While Waseem causes consternation amongst Tunisian liberals, to Western policy makers he is a potential nightmare. The sort of person who resents any form of intervention of the non-believing kind, who given the right conditions, could transform into a mythological arch enemy of the bin Laden variety. Of course, many want to blame Saudi petro-dollars for brainwashing Tunisian youth but the truth is, if anyone’s to blame it’s the previous regime.

In 1956, the Tunisian president, Habib Bourguiba, set his newly-independent country on a course to catch up with the West. That meant industrialisation, curtailing the influence of religion and, like he had done himself, embracing French political values. Yet careful not to offend religious sensibilities, he refrained from attacking religion directly. Instead he started to undermine religious institutions like Zeitouna and Kairouan colleges that had played an important role in North African Islam for centuries. Bourguiba appropriated the trusts and charities set up for their upkeep. He subdued Islamic jurisprudence and religious courts so that they followed a French model. Preceding France by fifty years, he declared war on that ‘odious rag’, the veil, and introduced the Personal Status Code that guaranteed the legal status of women. Although the code was essentially a reiteration of Islamic law, its French veneer made the religious institutions appear out of touch. Moreover, with a modern education system taught in French and Arabic, the future rested on secular foundations. It alienated many, as Rashid Ghannoushi, Zeitouna alumni and founder of the Ennahda party says: “We were strangers in our own country; we had been educated as Muslims and Arabs, whilst the country was molded in the French cultural identity”. However, Bourguiba’s popularity was such that the religious classes could not muster enough support to oppose him.

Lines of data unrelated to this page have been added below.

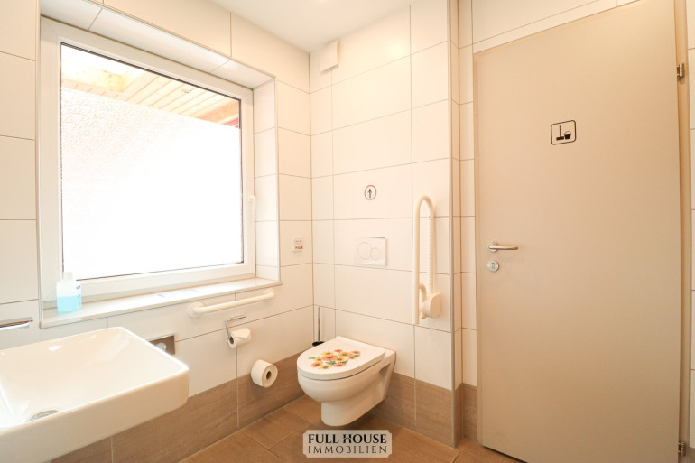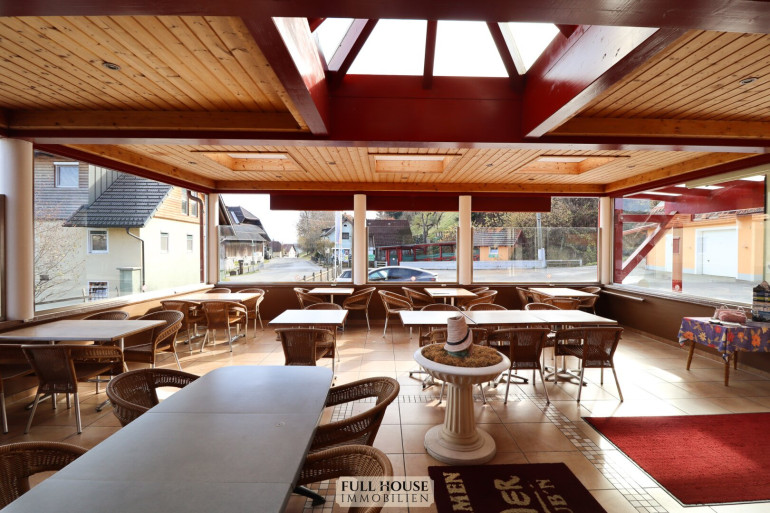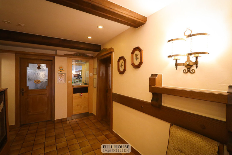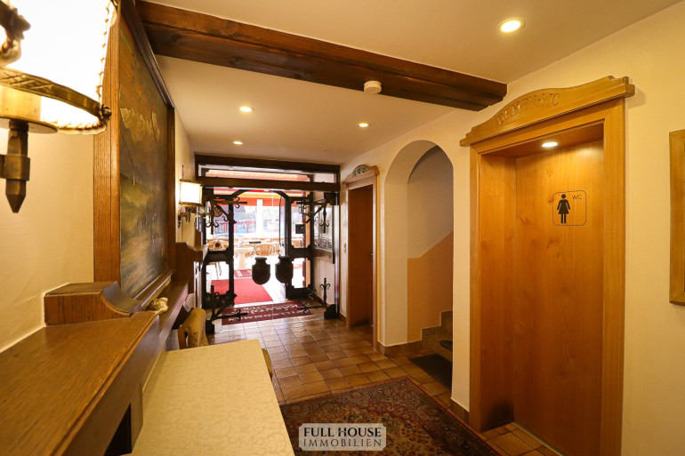 Beim Betreten gelangt man zunächst in den großzügigen Wintergarten, der rund 50 Sitzplätze bietet und sich hervorragend für Frühstück, Kaffeehausbetrieb oder Gruppen eignet. Von dort führt ein Gästeflur weiter in das Lokal. Entlang dieses Flures befinden sich die Gäste-Toiletten (Herren, Damen, barrierefrei), die kürzlich renoviert wurden und einen modernen Eindruck vermitteln.
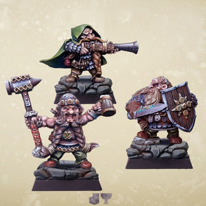This set contains 3 resin miniatures of Thargomind Dwarves. Dedicated for Umbra Turris Skirmish Game. The miniatures are compatible with other 28 mm scale miniature wargames and tabletop RPGs.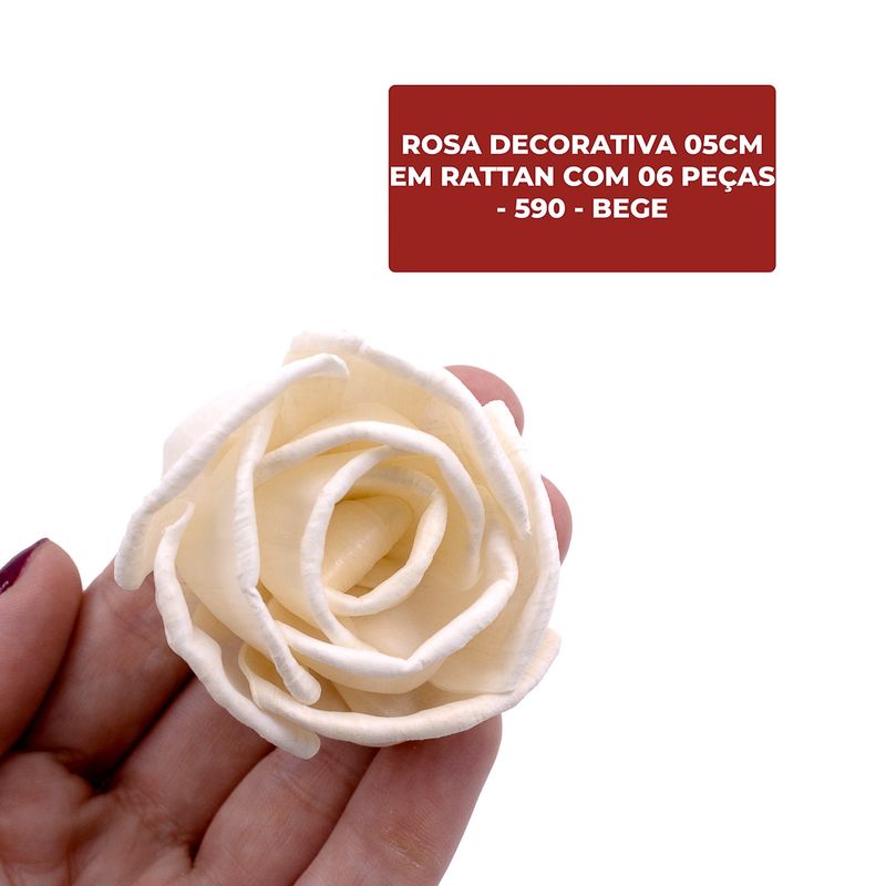 Rosa Decorativa 05Cm Em Rattan Com 06 Peças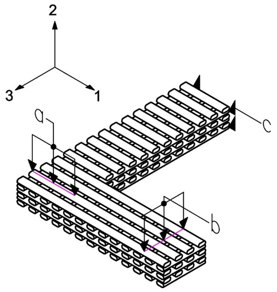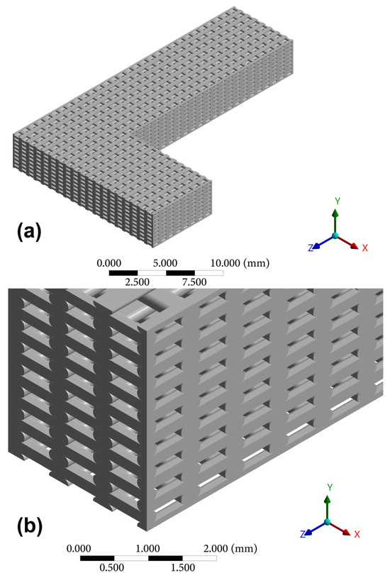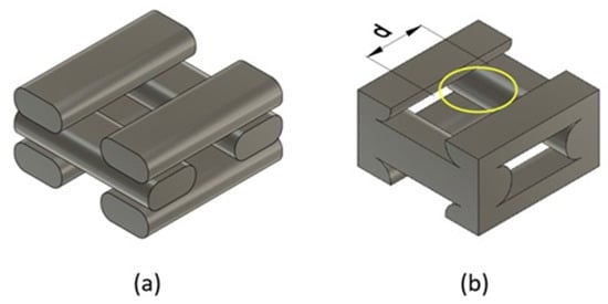 One of the most critical parameters in the FDM technique is the infill pattern. In this work, a rectilinear filament pattern (0°/90°) was selected, as it promotes pore interconnectivity. Although alternative geometries such as gyroid or triangular patterns have demonstrated greater mechanical efficiency and improved pore interconnectivity [4,5,6], a rectilinear (0°/90°) pattern was employed in this study due to its simplicity, ease of parametric control, and frequent use in FDM printing applications. This pattern enables a clear definition of orthotropic axes, which is essential for the validation of the proposed constitutive model. Additionally, the rectilinear configuration ensures consistent filament deposition and a predictable structure, allowing for reproducible simulation and homogenization analyses. Figure 2a illustrates this pattern, while Figure 2b shows the associated unit cell.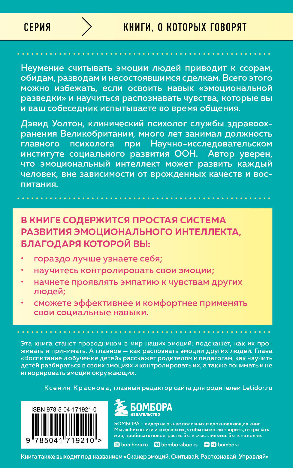 Об эмоциональном интеллекте написаны сотни самых разных книг - каждая в своей манере, в зависимости от интересов или академической специализации авторов. Концепция EI стала одной из самых обсуждаемых идей в популярной психологии, учебно-производственном процессе, в области управления, образования и социального обеспечения. В каждой главе этой книги вам будут встречаться моменты, которые нужно запомнить, практические упражнения и полезные заметки. В рамках введения мы исследуем основы, на которых базируется эмоциональный интеллект, включая общее понимание EI, причины движущих нами эмоций и их связь с системой управления нашим мозгом. Мы также узнаем, почему истинно английская выдержка является противоположностью эмоционального интеллекта, и разберем, почему жесткость и «крутость» так долго ценились в обществе. Развивая эмоциональный интеллект, вы: • гораздо лучше узнаете себя; • научитесь контролировать свои эмоции; • начнете проявлять эмпатию к чувствам других людей; • сможете эффективнее и радостнее применять свои социальные навыки. ОБ АВТОРЕ Дэвид Уолтон работал клиническим психологом Государственной службы здравоохранения Великобритании, занимался организационной психологией в государственных и частных компаниях, был ведущим консультантом Великобритании и Северной Америки по поведенческим наукам и ведущим психологом Научно-исследовательского института социального развития Организации Объединенных Наций. За годы своей карьеры Дэвид успел потрудиться в Еврокомиссии на должности консультанта по вопросам управления и развития персонала, поработать с частными и государственными компаниями в качестве консультанта по вопросам кадрового и организационного развития, взять под свое крыло два студенческих братства британских ВУЗов. Дэвид является национальным наставником двух весьма крупных благотворительных организаций. А еще он разрабатывает образовательные программы, с помощью которых хочет помочь всем желающим разобраться в вопросах психического здоровья, узнать о методах когнитивной терапии, борьбы с депрессией и особенностях развития детей и подростков. ЦИТАТЫ: «Вам не нужно быть психологом, чтобы понять концепцию эмоционального интеллекта. Важной частью этого процесса является осознание того, что наш мозг запрограммирован на эмоции и у каждой эмоции есть цель». «Наше прошлое и представление о себе во многом определяют, как мы интерпретируем поведение других людей, как мы действуем, какое влияние будем оказывать на окружающих». «Низкая самооценка и неуверенность тесно связаны с настроением и представлением о себе, поэтому важно понимать, что убеждения - это мнения, но не факты». «Если вы честны с самим собой и со своим чувством предназначения, другие люди тоже сочтут вас честными и будут вам доверять, даже если им и не нравится то, что вы делаете». «Практикуйте открытость, осознавая, как на вас влияют чувства. Признавайте их. Если необходимо, ясно и твердо дайте другому человеку понять, что его комментарий или поведение неприемлемо для вас». Книга также выходит под названием "Сканер эмоций. Считывай. Распознавай. Управляй"| Издательство | ООО "Издательство "Эксмо" |

Bourguiba’s covert policy of undermining religion paid dividends. In 1960, during the fast of Ramadan, he declared that Tunisian workers were exempt from their religious obligation. In Bourguiba’s mind servicing the economy constituted a jihad and in such situations the obligation was lifted. Of course, the Mufti of Tunis did not see it that way, and refused to ratify his claim; Bourguiba responded by liquidating the repositories of Islamic learning. By 1961 Zeitouna University had been incorporated into the newly-founded University of Tunis, and its precious collection of books on astronomy and mathematics had allegedly found their way into the private collections of the Ben Ali clan.

That left spiritually hungry Tunisians turning to whatever was available. With the government eliminating real opposition parties and indigenous religious institutions, the young found the sound bites, pamphlets, and banned books closer to the truth. As Izzedine, a book seller in the old city of Tunis says: “The banned books of Salafi scholars became highly sought after during the Bourguiba and Ben Ali era”. The famed Tunisian moderateness or wasatiya weakened because of the brutal repression of Tunisian Islamists in the 80s and the 90s. It left the way open for a de-contextualized Salafism.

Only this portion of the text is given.